%%
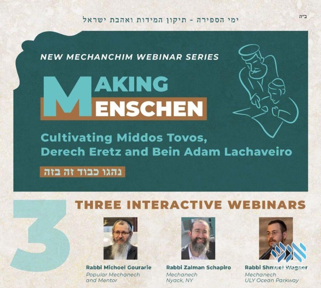 To this end, Igud Hamelamdim is proud to present “Making Menschen,” a three-part webinar series on the topic of mentschlichkeit and middos tovos.
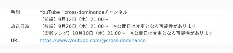 ※詳細は番組サイト及びcross-dominanceのSNSをご確認ください
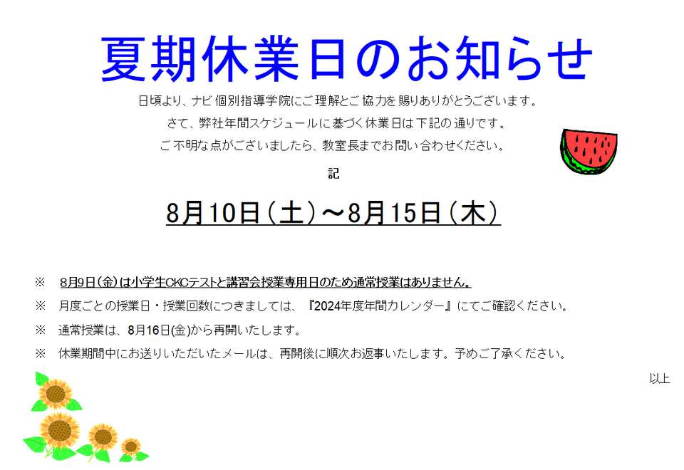 夏期休業日のお知らせ
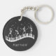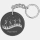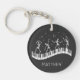 Get into the Halloween spirit with this spooky black and white keychain featuring three skeletons dancing on a keyboard, surrounded by stars and music notes. Perfect for any musician or music lover.
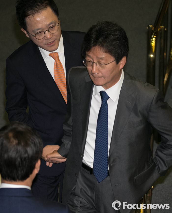 (서울=포커스뉴스) 19일 오전 서울 여의도 국회에서 열린 342회 국회(임시회) 1차 본회의에 참석한 청와대 경제수석으로 임명된 강석훈(왼쪽) 새누리당 의원과 유승민 무소속 의원이 인사하고 있다.
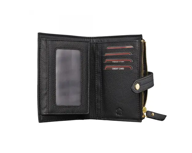 Portofel dama Delis, Leandra PT1234, piele naturala, Negru
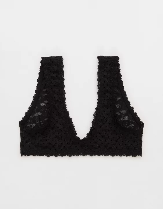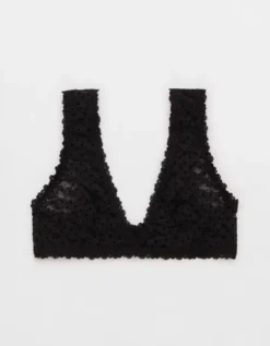 Aerie Show Off Flocked Vintage Lace Plunge Bralette True Black
%%
_Your task_. Output each line exactly as shown above; no pictures go in the copy.

_Task solution_.
 To this end, Igud Hamelamdim is proud to present “Making Menschen,” a three-part webinar series on the topic of mentschlichkeit and middos tovos.
 ※詳細は番組サイト及びcross-dominanceのSNSをご確認ください
 夏期休業日のお知らせ
 Get into the Halloween spirit with this spooky black and white keychain featuring three skeletons dancing on a keyboard, surrounded by stars and music notes. Perfect for any musician or music lover.
 (서울=포커스뉴스) 19일 오전 서울 여의도 국회에서 열린 342회 국회(임시회) 1차 본회의에 참석한 청와대 경제수석으로 임명된 강석훈(왼쪽) 새누리당 의원과 유승민 무소속 의원이 인사하고 있다.
 Portofel dama Delis, Leandra PT1234, piele naturala, Negru
 Aerie Show Off Flocked Vintage Lace Plunge Bralette True Black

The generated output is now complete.